Monday, June 2, 2014

83 pots and counting.....

 The end of the flowers for sale grows nigh. Great opportunity to pick up hanging baskets for about half price of what they would have been in May. Instant colour. Instant reward. Pick up leftover petunias, begonias, whatever that is still sitting on the shelves. Time to stuff odds and ends into those leftover pots. All those pots just sitting around. Waiting to be stuffed.
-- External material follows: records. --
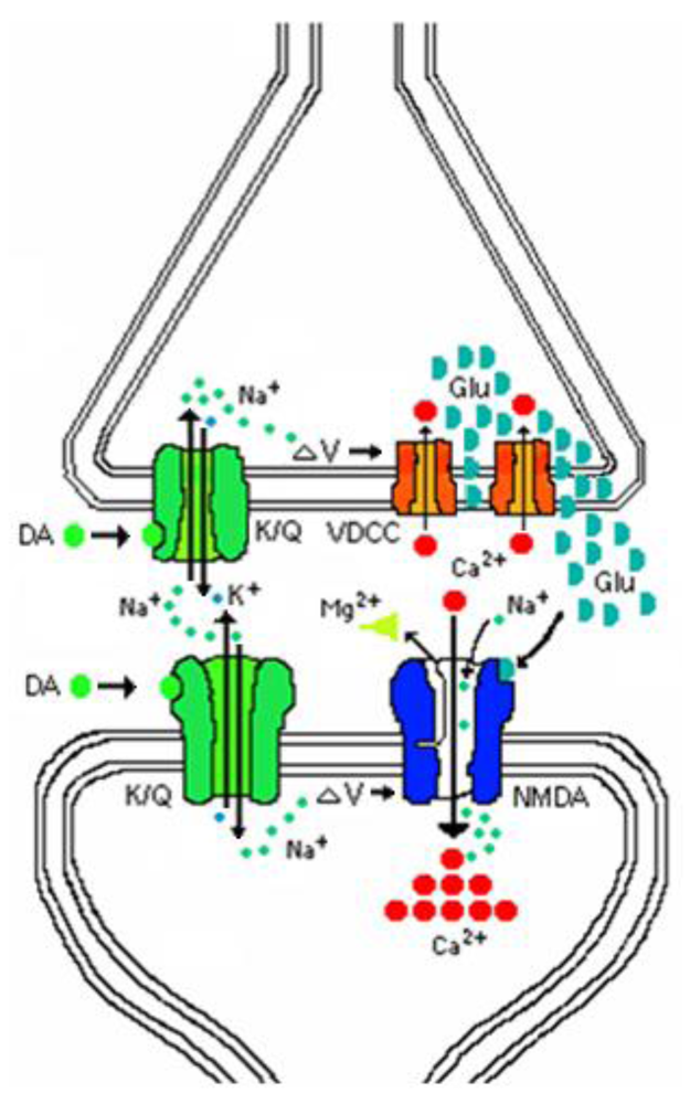 Domoic acid affects only a partial opening of the channel and it interferes with the closing, resulting in a sustained ion conduction that yields a net influx well beyond that of natural neurotransmitters. This level of excitotoxicity is reached from a coordinated action on both sides of the synapse (Figure 3). Domoic acid activates both presynaptic and postsynaptic kainate receptors leading to a sodium ion (Na+) influx and membrane depolarization. The presynaptic depolarization activates voltage gated calcium channels and elevates intracellular calcium (Ca2+), releasing glutamate into the synapse. Postsynaptic depolarization releases the magnesium (Mg2+) block of the NMDA receptor and glutamate activates the receptors causing a massive calcium flux, and thus triggering excitotoxicity.
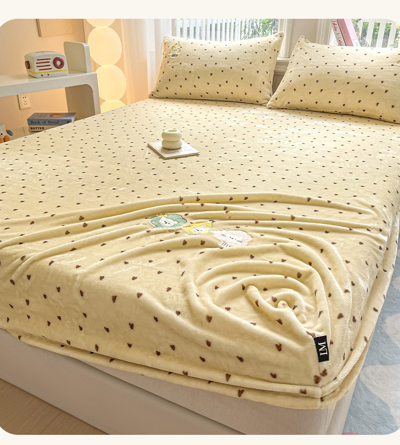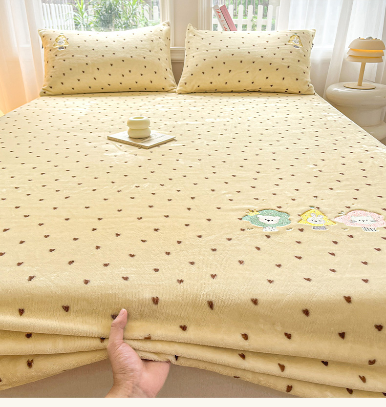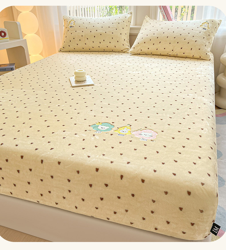 乐美家纺 2025新款A类高克重刺绣牛奶绒床笠三件套 萌宠派对
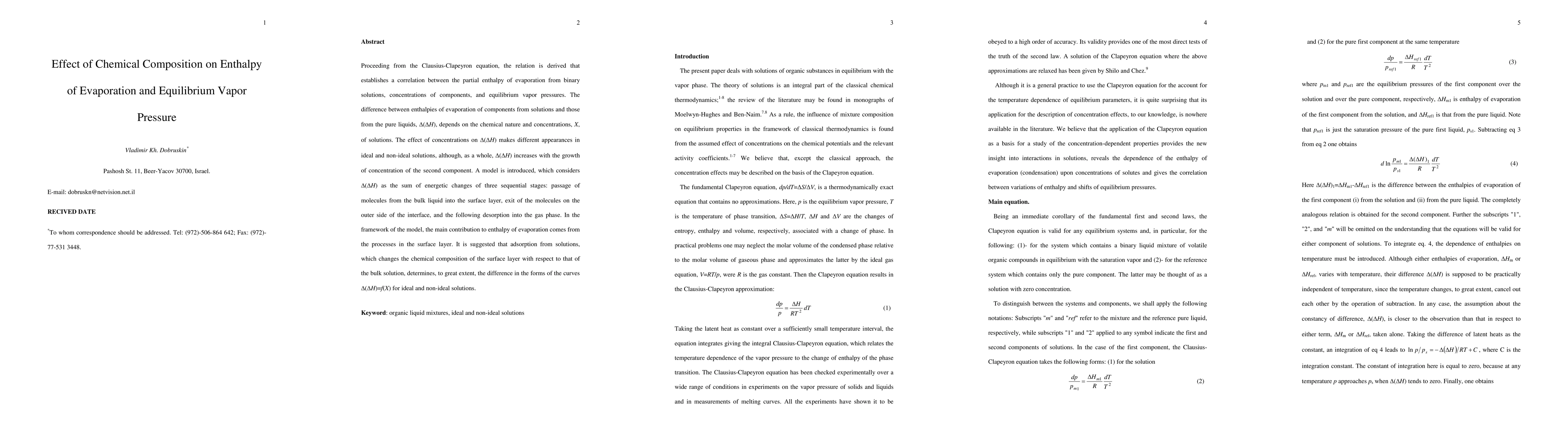 This paper explores how the chemical composition of a solution affects its enthalpy of evaporation and equilibrium vapor pressure. It proposes a model that suggests adsorption from solutions plays a key role in determining these properties.

 Even Cordelia likes a day like today. She helped this afternoon.She supervised. I picked up a flat of Cosmos as well. Have been looking for Cosmos for a month. Found some at last. The very last ones on the shelf. Perfectly good.I can use some of the last annuals to fill random pots I keep on hand.  Something like 83 pots, I counted. Pots that were gifts, pots that were my mothers, pots that I found, bought, accumulated from all those moves.If there is a corner.....stuff a pot into it.
  Some water. Some fertilizer.
 "Into the sunshine, full of the light, leaping and flashing morning and night." (J.R. Lowell "The Fountain")
 Not bad for end of the line baskets. Potatoe Vine spilling out in purple haze.
 "Flower in the crannied wall, I pluck you out of the crannies, I hold you here, root and all, in my hand, little flower, but if I could understand what you are, root and all, all in all, I should know what God and man is." ( Alfred, Lord Tennyson)
                          
                  Pots can start like this. A little scarce. A little staggered. A little pale in the flower department................
 And end up like this. Boom. Colour. Light. Froth. Happiness in every corner.
                
            "Today, as I was reading in the garden, a waft of summer perfume...." (by George Gissing "Summer") Summer and pots and pots and cats and clanking chimes and worms and pots. And cats.